Return the full listing word for word, but drop every picture from it.

## Supplied information
* * * * * * * * *

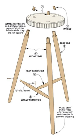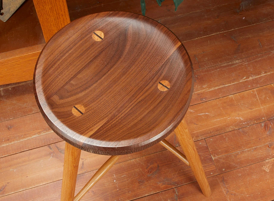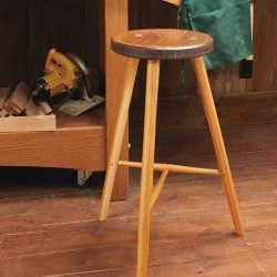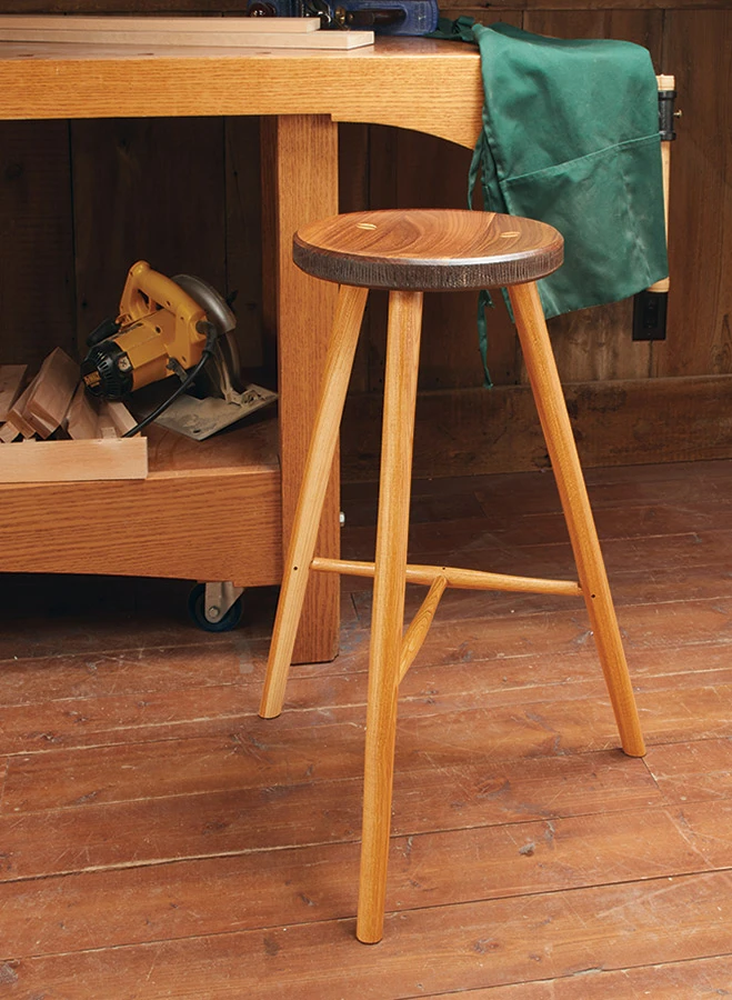 Working in a small shop, I used to view a shop stool as just one more thing to get in the way of getting a job done. But as I’ve aged, I’ve come to appreciate having a stool more and more. And not just for sit-down tasks. Having a place to take a load off your feet for a few minutes really does make spending long stretches of time in the shop more bearable, as well as enjoyable. This is not just a shop stool, however. The casual styling makes it suitable for a kitchen island or tall table, as well. Plus, you’ll have the satisfaction of making it yourself. Ours is crafted from walnut and hickory, but just about any hardwood will do.
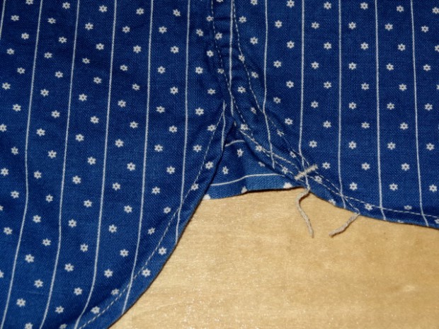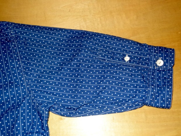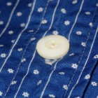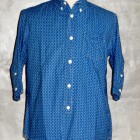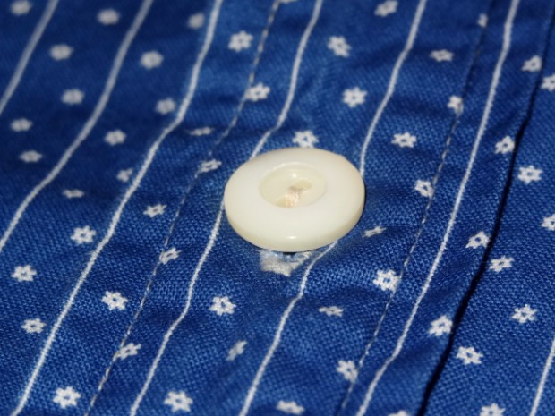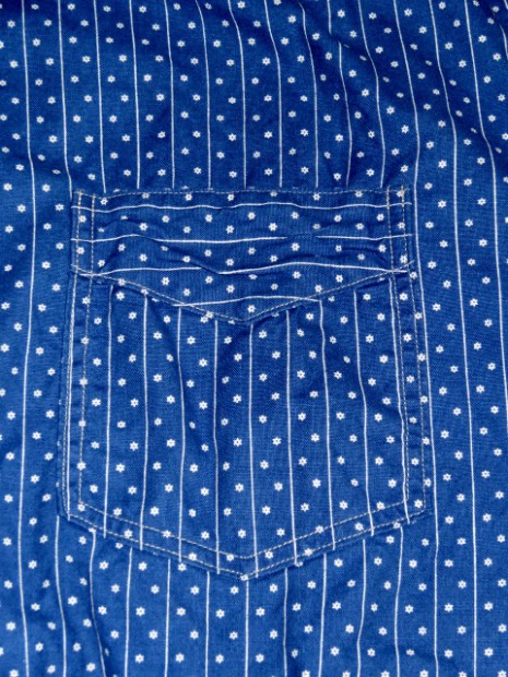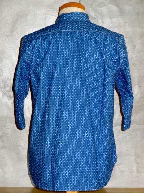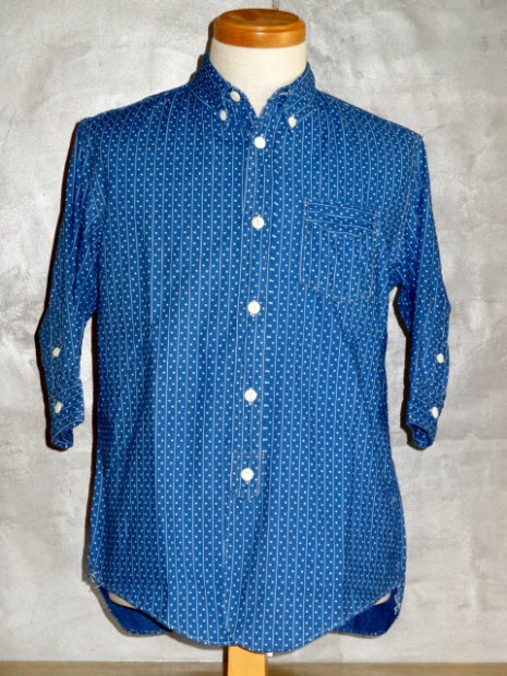 【WORKERS】 2014年春夏用に新たに起こした抜染柄。オリジナルのハギレから柄を起こしました。 インディゴの色もポルカドットが特濃にたいして、スターズアンドストライプスは一段薄いもの。 洗うごとに色が変化するインディゴ染め。色は移りますので洗濯、着用の際はご注意ください。 形は七分そで。夏場、長袖をまくって着るというのが定番でしたが最近のシャツは肘が狭いので二の腕まではまくる事が出来ない場合が多いです。そこで七分そでの出番。 通常は軽く長袖をまくったぐらいの袖丈、本当に暑い時は二の腕までまくる事が出来ます。 夏場、1枚で着て毎日洗う。結果、インディゴ独特の変化も楽しめつつ夏場を涼しくすごせるというのが狙いです。 今回、貝ボタンも新たに作成。厚みがあり、わずかに大きめのボタン。ビンテージでも大きかったり、厚かったり、ちょっと普通じゃないな、というサイズのボタンがあります。そういうものは、当時はごく適当な規格で作られていたため。現代では、既成ボタンの規格はかなり決まり切ってしまっています。そこで、14ミリ、厚めで別注しました。 ワンウォッシュ済の製品をお届けします。
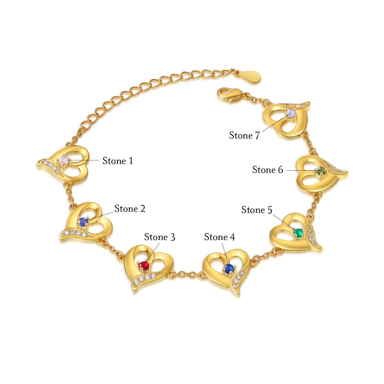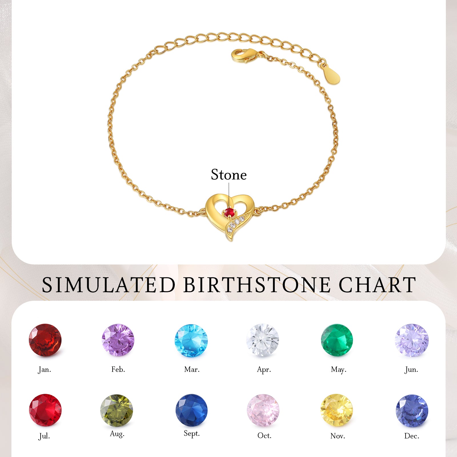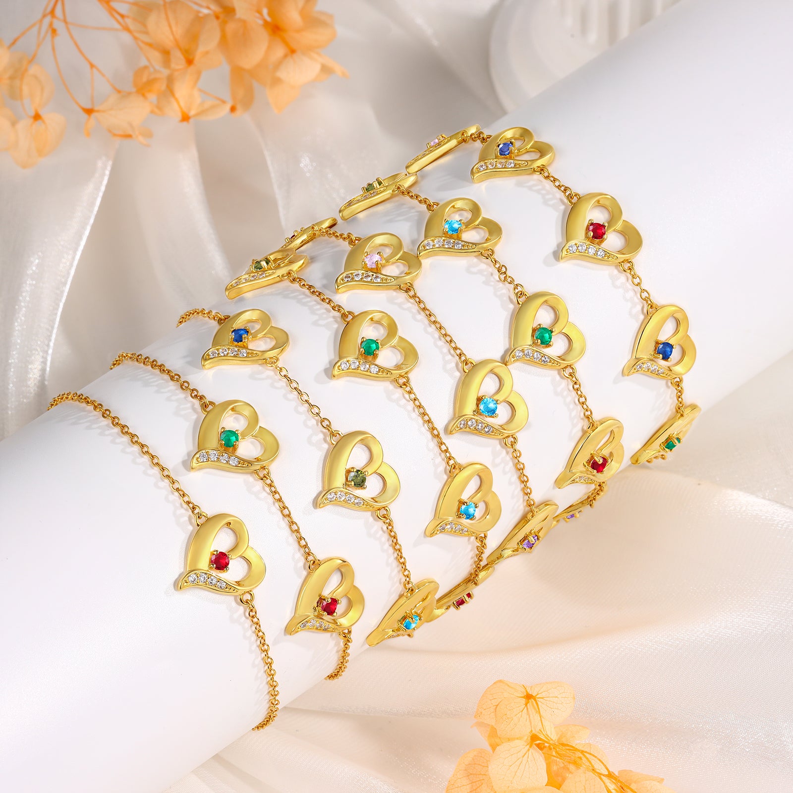4FunGift® Custom Birthstone Heart Bracelet Valentine's Day Gift for Her

* * * * * * * * *

## Written solution
 Working in a small shop, I used to view a shop stool as just one more thing to get in the way of getting a job done. But as I’ve aged, I’ve come to appreciate having a stool more and more. And not just for sit-down tasks. Having a place to take a load off your feet for a few minutes really does make spending long stretches of time in the shop more bearable, as well as enjoyable. This is not just a shop stool, however. The casual styling makes it suitable for a kitchen island or tall table, as well. Plus, you’ll have the satisfaction of making it yourself. Ours is crafted from walnut and hickory, but just about any hardwood will do.
 【WORKERS】 2014年春夏用に新たに起こした抜染柄。オリジナルのハギレから柄を起こしました。 インディゴの色もポルカドットが特濃にたいして、スターズアンドストライプスは一段薄いもの。 洗うごとに色が変化するインディゴ染め。色は移りますので洗濯、着用の際はご注意ください。 形は七分そで。夏場、長袖をまくって着るというのが定番でしたが最近のシャツは肘が狭いので二の腕まではまくる事が出来ない場合が多いです。そこで七分そでの出番。 通常は軽く長袖をまくったぐらいの袖丈、本当に暑い時は二の腕までまくる事が出来ます。 夏場、1枚で着て毎日洗う。結果、インディゴ独特の変化も楽しめつつ夏場を涼しくすごせるというのが狙いです。 今回、貝ボタンも新たに作成。厚みがあり、わずかに大きめのボタン。ビンテージでも大きかったり、厚かったり、ちょっと普通じゃないな、というサイズのボタンがあります。そういうものは、当時はごく適当な規格で作られていたため。現代では、既成ボタンの規格はかなり決まり切ってしまっています。そこで、14ミリ、厚めで別注しました。 ワンウォッシュ済の製品をお届けします。
4FunGift® Custom Birthstone Heart Bracelet Valentine's Day Gift for Her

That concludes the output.